(Stored dataset items)
■ ■ ■ ■ ■ ■ ■

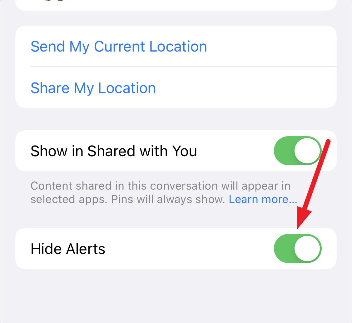 You can also open the conversation and tap the ‘People’ icon at the top. Then, enable the toggle for ‘Hide Alerts’.
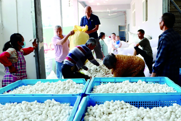 6月14日,重慶市黔江區(qū)首批春繭開(kāi)秤收購(gòu),廣大蠶農(nóng)喜迎一年桑蠶生產(chǎn)“開(kāi)門紅”,喜獲第一桶“蠶金”。
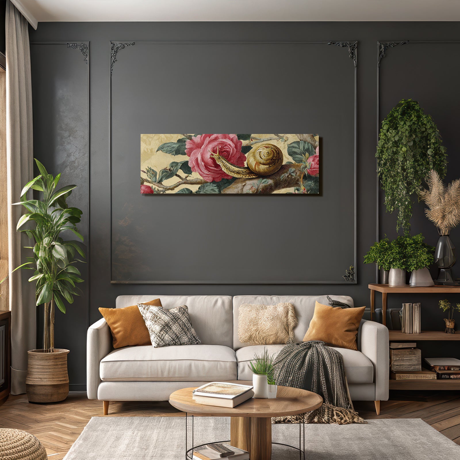Ein Highlight für jeden Besprechungsraum oder eine großzügige Lobby. Das Werk „Schnecke Und Rosen Mit Grünen Pflanzen“ im Stil Botanische Illustrationen demonstriert im FameFrame Stilbewusstsein und Klasse.
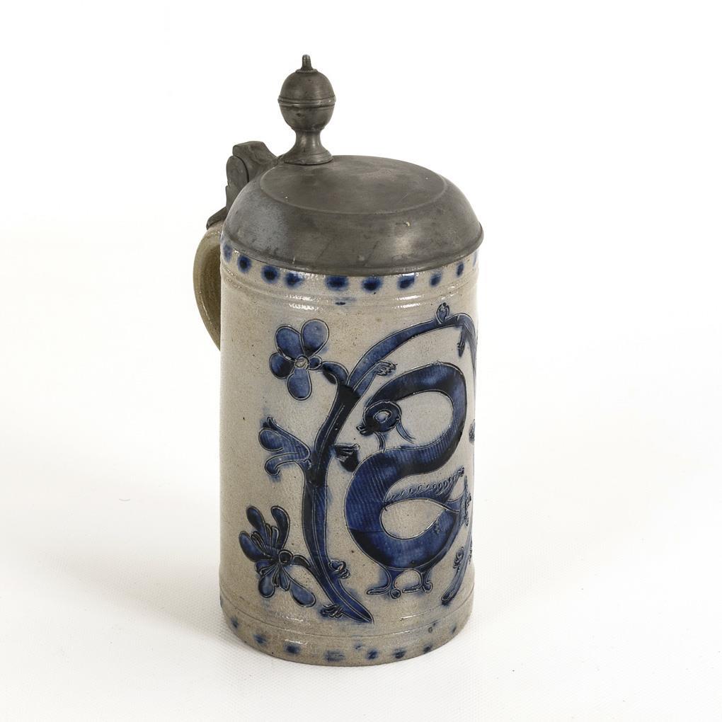 Zylinderform mit ausgestrichenem Bandhenkel. Ritzdekor mit zentralem Vogelmotiv und Blattrankenbogen, Pünktchendekor. Gewölbter Zinndeckel mit Kugeldrücker, undeutlich gepunzt, innen Leinenfleck. Leichte Alters- und Gebrauchsspuren.
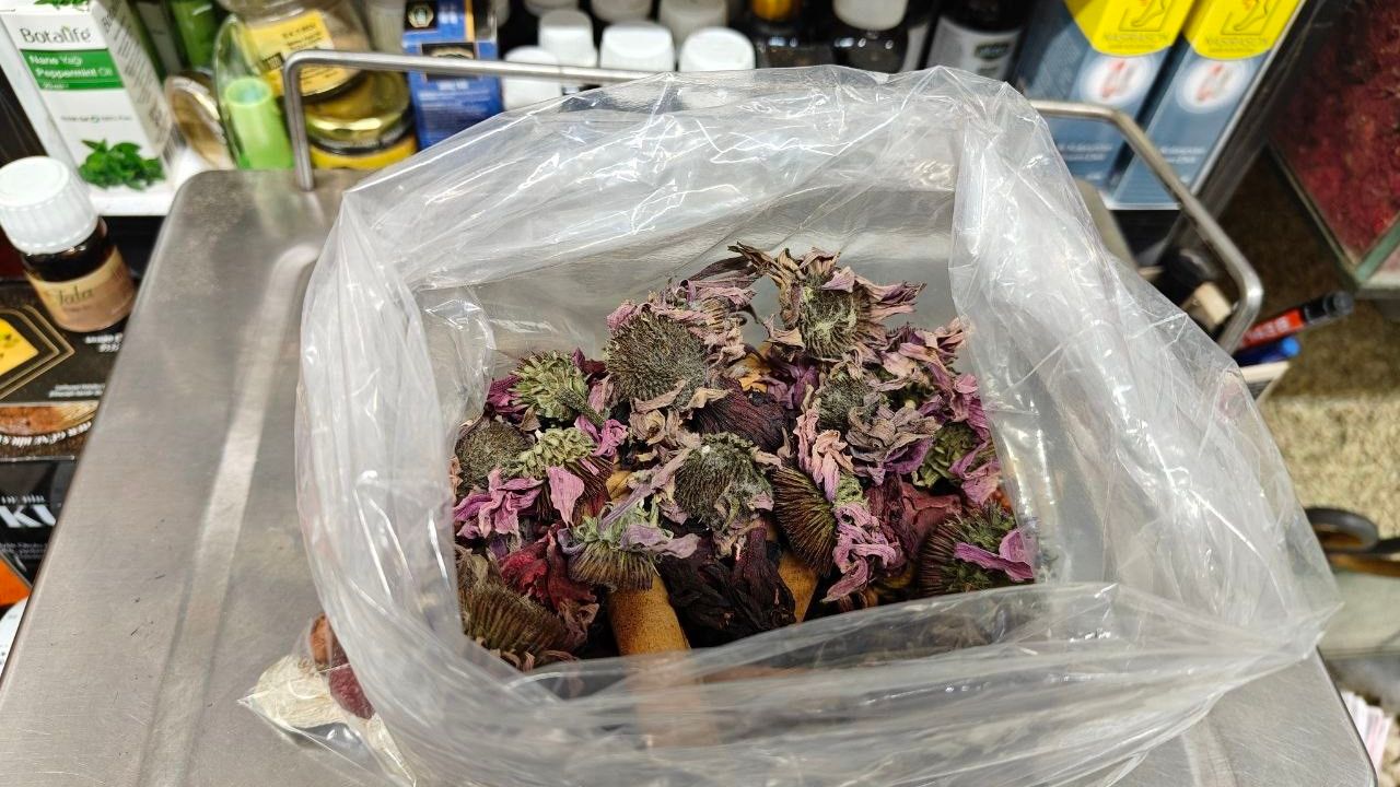 Bitkisel ürünlerin hem geçmeyen öksürüğe hem de grip gibi hastalıklara iyi geldiğini söyleyen Aktar Rahmetullah Sadıkoğlu; 'Vatandaşlarımızdan gelen şikayetlerimizin çoğu geçmeyen kuru öksürük, nezle ve grip gibi şikayetler oluyor. Bu sene de bu hastalıklar çok ağır atlatılıyor. Bunun için de hibiskus, yaş zencefil ve ekinezya kullanırlarsa çok iyi olur. Bunlar C vitamini takviyesi olarak geçer. C vitaminini çoğu zaman portakaldan alabilirsiniz ama hibiskustan, ekinezyadan alınan C vitamini daha yüksek olur. Tamamen bitkisel ve çay şeklinde demlenip tüketilirse çok iyi gelir ve hiçbir şey kalmaz. Ayrıca özel kendi yaptığımız macunlar var. Andız pekmezli, zencefilli, ballı macunlar bunlar. Bunlar geçmeyen kuru öksürüğü anında alır. Bunların da balgam sökücülüğü ve akciğerdeki iltihaplanmalara bire birdir' dedi.

■ ■ ■ ■ ■ ■ ■

The required output is the exact lines from the opening line of the entries through the line with "Ein Highlight für", inclusive, without pictures.

#### TASK OUTPUT
 You can also open the conversation and tap the ‘People’ icon at the top. Then, enable the toggle for ‘Hide Alerts’.
 6月14日,重慶市黔江區(qū)首批春繭開(kāi)秤收購(gòu),廣大蠶農(nóng)喜迎一年桑蠶生產(chǎn)“開(kāi)門紅”,喜獲第一桶“蠶金”。
Ein Highlight für jeden Besprechungsraum oder eine großzügige Lobby. Das Werk „Schnecke Und Rosen Mit Grünen Pflanzen“ im Stil Botanische Illustrationen demonstriert im FameFrame Stilbewusstsein und Klasse.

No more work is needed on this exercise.